O terceiro ponto é que é um equívoco achar que ser evangélico significa rezar uma determinada cartilha política. Evangélicos não são de direita. Nem de esquerda. Nem de centro. Não são conservadores ou progressistas. O que são? Tem de tudo um pouco. Estima-se que quase 40% da população brasileira se declare evangélica. É muita gente, de muitos contextos e visões de mundo diferentes. Líderes e influenciadores evangélicos com projetos de poder muitas vezes argumentam que determinadas correntes políticas são incoerentes com o cristianismo, mas são cegos ao não perceber que todas as visões políticas são incoerentes com o que a Bíblia diz que um cristão deve ser. O “a César o que é de César, a Deus o que é de Deus” quebrou a espinha dorsal de toda e qualquer idolatria política.
O terceiro ponto é sobre equívocos interpretativos a respeito do que seja um estado laico. Não é um estado no qual religiões devem ficar de fora da esfera pública. Muito pelo contrário, é onde todas as religiões e crenças são igualmente aceitas e chamadas a contribuir para o bem da sociedade comum.
O quarto ponto é que não existe imparcialidade na Praça dos Três Poderes. Tudo que acontece no Palácio do Planalto, no Congresso Federal e no Supremo Tribunal Federal é cheio de política. Adentrando o Judiciário, essa lógica não se aplica só ao Supremo, cada decisão de cada juiz deste país é irrigada por política. Sabe por quê? Quando um juiz profere uma sentença, claro que deve se fundamentar na lei e jurisprudência, mas constrói seu argumento a partir de uma interpretação, que é necessariamente arraigada em pressupostos, que por sua vez podem ser diferentes de pessoa para pessoa, dependendo da sua visão de mundo. É político. Pensa só o STF, que é a instância máxima em nortear o caminho interpretativo que os processos judiciais devem tomar. Política purinha!

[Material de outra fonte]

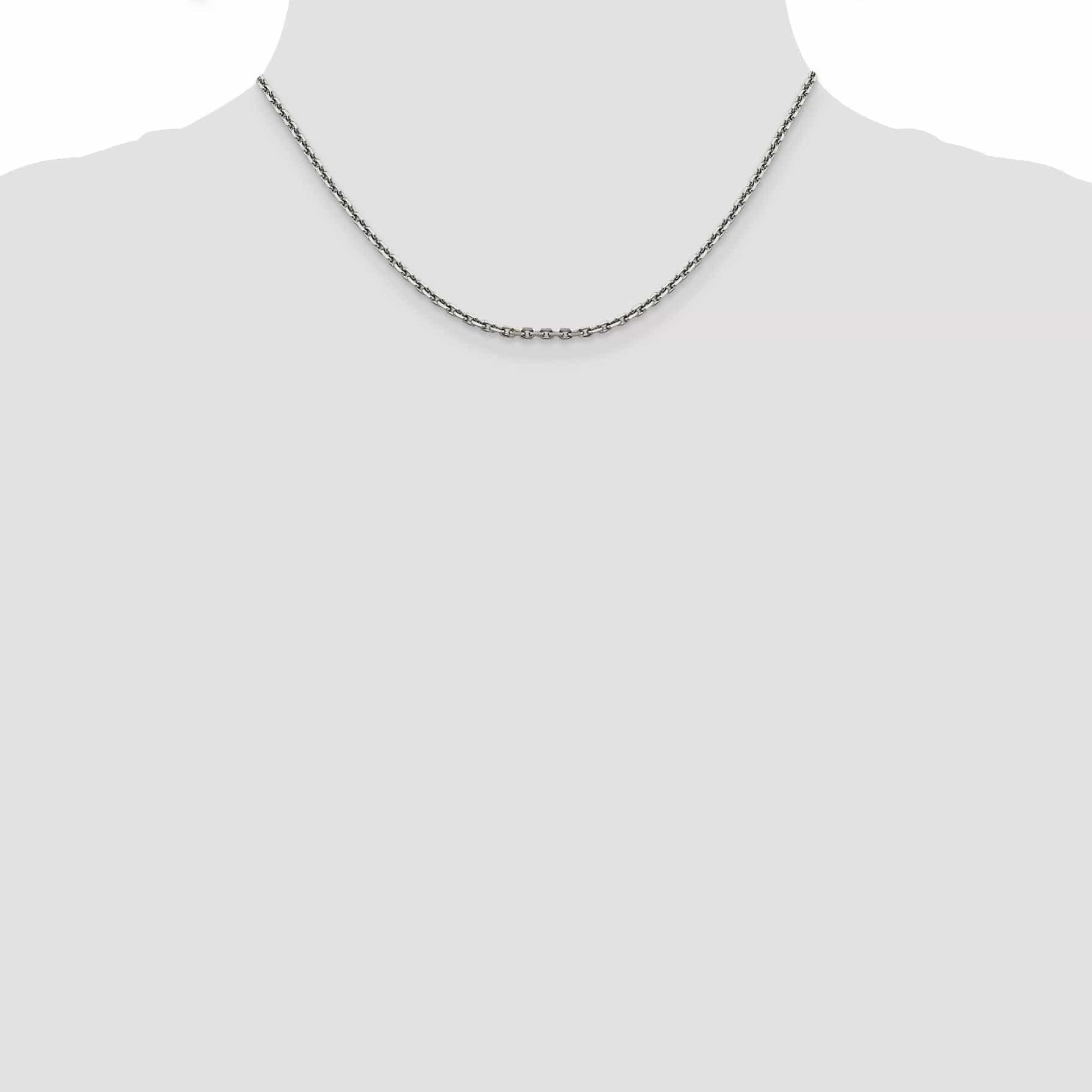 Elevate your jewelry collection with this exquisite 14k White Gold Solid D.C Cable Chain. Crafted from high-quality 14k white gold, this chain features a stunning diamond cut finish that adds a touch of sophistication and sparkle to any outfit. Measuring 2.50mm in width, this solid cable chain is perfect for wearing alone or for showcasing your favorite pendants.

O quinto ponto é que Mendonça estava obstinado, queria ocupar uma cadeira do Supremo a qualquer custo. Isso foi visível em seu emblemático discurso como Advogado Geral da União, diante do plenário do STF, defendendo calorosamente valores caros para o bolsonarismo. Mas ainda mais visível ao ser conivente com o desmanche do combate à corrupção e com o emparelhamento político da Polícia Federal enquanto Ministro da Justiça.

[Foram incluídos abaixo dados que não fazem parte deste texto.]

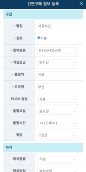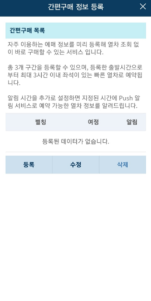 - 코레일톡 앱에서 간편 구매 목록 구간 등록
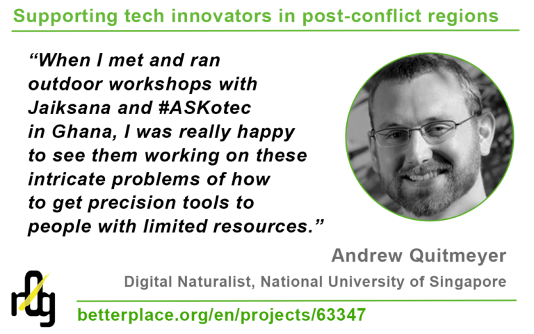 Meet one of #ASKotec‘s supporters, Andrew Quitmeyer. Andrew studies the intersections between wild animals and computational devices. He’s a professor at the National University of Singapore researching how to blend biological fieldwork and DIY digital crafting. Andrew also leads “Hiking Hacks” around the world where participants build technology entirely in the wild for interacting with nature…

Vamos, então, juntar esses elementos: ao indicar Mendonça, Bolsonaro não levantou um representante dos evangélicos, mas um evangélico que representa um grupo de conservadores de direita. Olhando de forma pragmática, foi um grupo que se organizou ao redor de pautas específicas e lutou por elas. Ter um ministro do STF que é abertamente conservador é um problema? Não, é até bom para a democracia que tenha alguns assim. O problema é tratar quem quer que seja como “ministro dos evangélicos”, ainda mais alguém que foi conivente com a corrupção, esta sim incompatível com o cristianismo. O que o trouxe até o cargo máximo do nosso Judiciário me deixa cético, mas só o tempo dirá sobre a qualidade da sua atuação na Corte. Lá dentro ele tem muitos exemplos do que fazer e do que não fazer. Só nos resta esperar que o jovem ministro tenha discernimento para seguir um bom caminho.